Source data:
=== Begin Enclosure ===

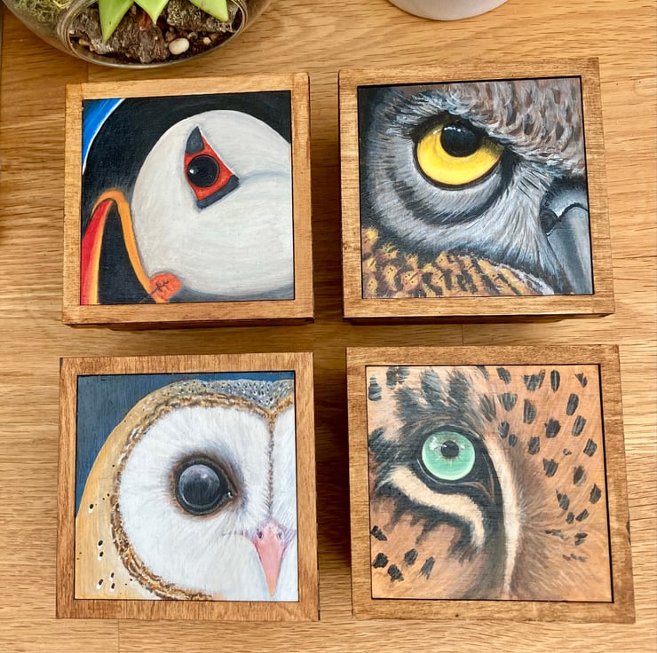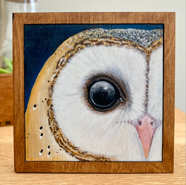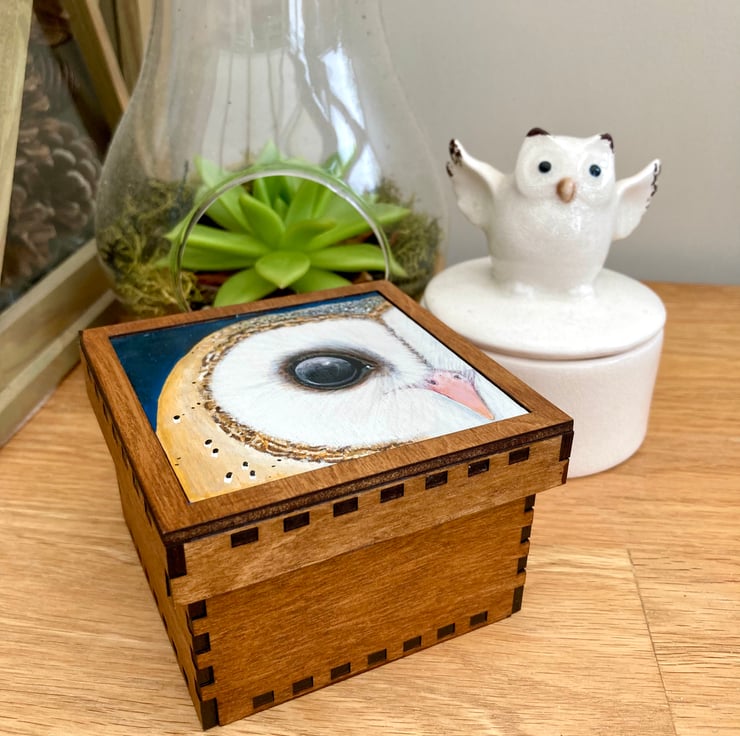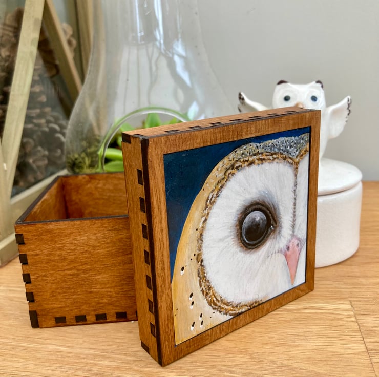 Lovely little plywood trinket box with a hand painted close up of a barn owls face.
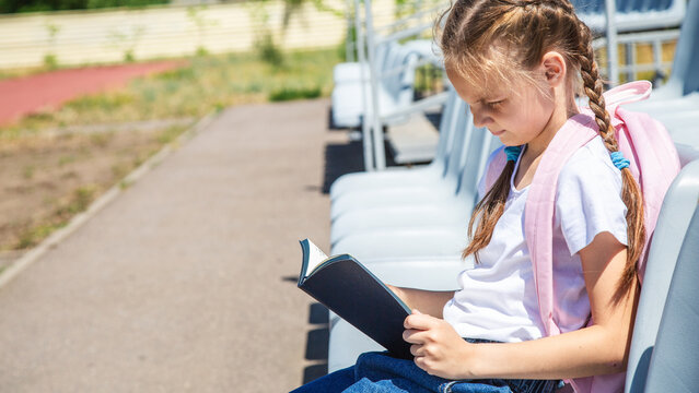 Elementary school girl or school pupil is studying, preparing to lesson, reading book or textbook outdoors at campus with backpack
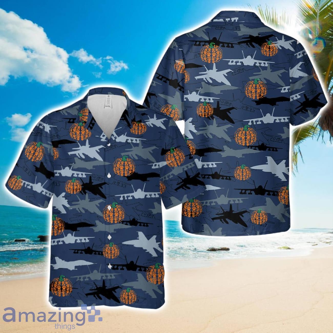 US Navy McDonnell Douglas FA-18 Hornet Silhouettes Pumpkin Hawaiian Shirt US Navy Summer Beach Shirt Details:
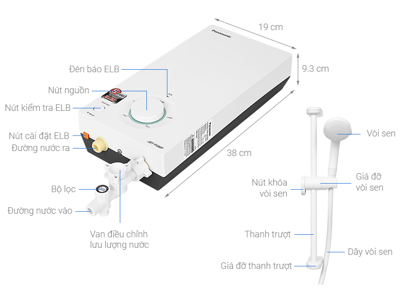 Đặc điểm nổi bật ● Máy nước nóng Panasonic thiết kế sang trọng, phù hợp với mọi không gian phòng tắm ● Bơm trợ lực giúp tăng áp lực nước đầu ra, phù hợp dùng cho cả
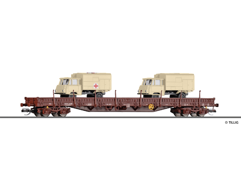 Nízkostěnný vůz Res 3936 DR je ložený dvěma nákladními auty Robur 1801 v exportním provedení. Kinematika krátkého spřáhla s šachtou dle NEM. Nevhodné pro děti do 14 let.
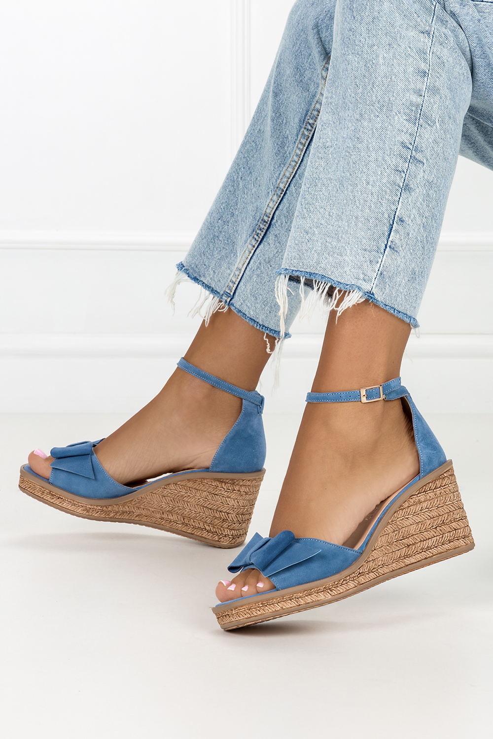Niebieskie sandały skórzane espadryle damskie na koturnie z zakrytą piętą pasek wokół kostki kokard
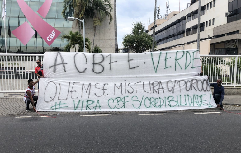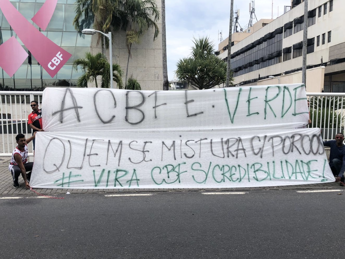 Um grupo pequeno de torcedores do Flamengo levou faixas para protestar em frente a sede da Confederação Brasileira de Futebol (CBF), no Rio de Janeiro, neste sábado, 18, na véspera do duelo contra o Palmeiras pelo Campeonato Brasileiro.
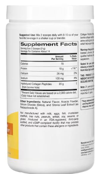 Kolagen peptidi,(ukus Vanile), 295g,Super Nutrition-USA; Podrška za kosu, kožu, nokte i zglobove*
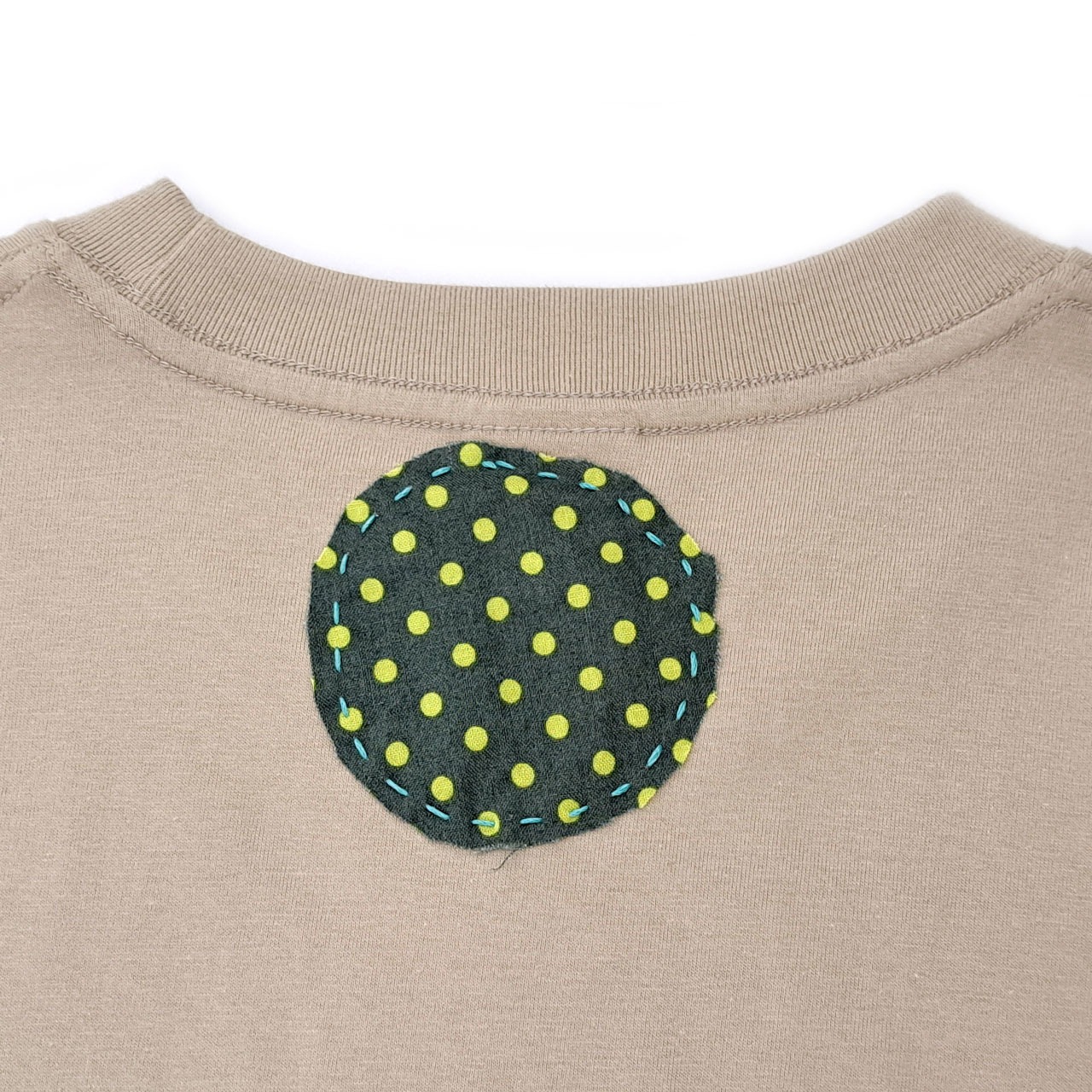 イタリア・ミラノの電車の路線図に「DUOMO(ドゥオーモ)」「LORETO(ロレート)」等々、ミラノ近郊の駅名がステッカーのように描かれています。わざとかすれたようにプリントした細かな技もシルクスクリーンならではの風合いです。背面にはグリーンに黄色の水玉模様の生地をパッチワークしたアクセントで、バックスタイルにも遊び心が!
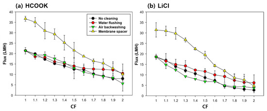 LDs were regenerated using MD with no cleaning to accurately observe the effect of cleaning. As shown in Figure 7, the flux decline rate was similar, but the average flux of HCOOK was higher than that of LiCl. This means that the regeneration time for LiCl was approximately 17 h longer. As the fouling of HCOOK was cake formation, but LiCl fouled on the membrane as intermediate and standard blocking, fouling control methods were expected to be differently effective.
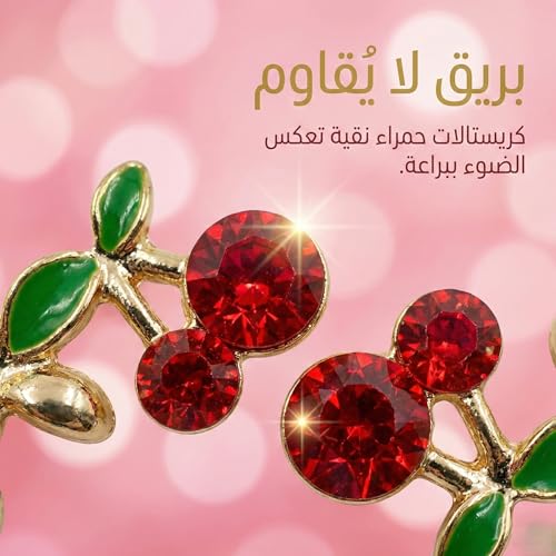 Nopatia - طقم أقراط الكرز اللامعة من Nopatia - حلق أذن ذهبي مرصع بالكريستال الأحمر - إكسسوارات مجوهرات أنيقة وجذابة للنساء والفتيات - مجموعة أقراط صغيرة تضفي لمسة حيوية

=== End Enclosure ===

[TASK DESCRIPTION]: Would you reproduce the lines from the one with "US Navy McDonnell" through the final line of the data above, exactly and only those, without any pictures?

[REPLY TO THE TASK]:
 US Navy McDonnell Douglas FA-18 Hornet Silhouettes Pumpkin Hawaiian Shirt US Navy Summer Beach Shirt Details:
 Đặc điểm nổi bật ● Máy nước nóng Panasonic thiết kế sang trọng, phù hợp với mọi không gian phòng tắm ● Bơm trợ lực giúp tăng áp lực nước đầu ra, phù hợp dùng cho cả
 Nízkostěnný vůz Res 3936 DR je ložený dvěma nákladními auty Robur 1801 v exportním provedení. Kinematika krátkého spřáhla s šachtou dle NEM. Nevhodné pro děti do 14 let.
Niebieskie sandały skórzane espadryle damskie na koturnie z zakrytą piętą pasek wokół kostki kokard
 Um grupo pequeno de torcedores do Flamengo levou faixas para protestar em frente a sede da Confederação Brasileira de Futebol (CBF), no Rio de Janeiro, neste sábado, 18, na véspera do duelo contra o Palmeiras pelo Campeonato Brasileiro.
 Kolagen peptidi,(ukus Vanile), 295g,Super Nutrition-USA; Podrška za kosu, kožu, nokte i zglobove*
 イタリア・ミラノの電車の路線図に「DUOMO(ドゥオーモ)」「LORETO(ロレート)」等々、ミラノ近郊の駅名がステッカーのように描かれています。わざとかすれたようにプリントした細かな技もシルクスクリーンならではの風合いです。背面にはグリーンに黄色の水玉模様の生地をパッチワークしたアクセントで、バックスタイルにも遊び心が!
 LDs were regenerated using MD with no cleaning to accurately observe the effect of cleaning. As shown in Figure 7, the flux decline rate was similar, but the average flux of HCOOK was higher than that of LiCl. This means that the regeneration time for LiCl was approximately 17 h longer. As the fouling of HCOOK was cake formation, but LiCl fouled on the membrane as intermediate and standard blocking, fouling control methods were expected to be differently effective.
 Nopatia - طقم أقراط الكرز اللامعة من Nopatia - حلق أذن ذهبي مرصع بالكريستال الأحمر - إكسسوارات مجوهرات أنيقة وجذابة للنساء والفتيات - مجموعة أقراط صغيرة تضفي لمسة حيوية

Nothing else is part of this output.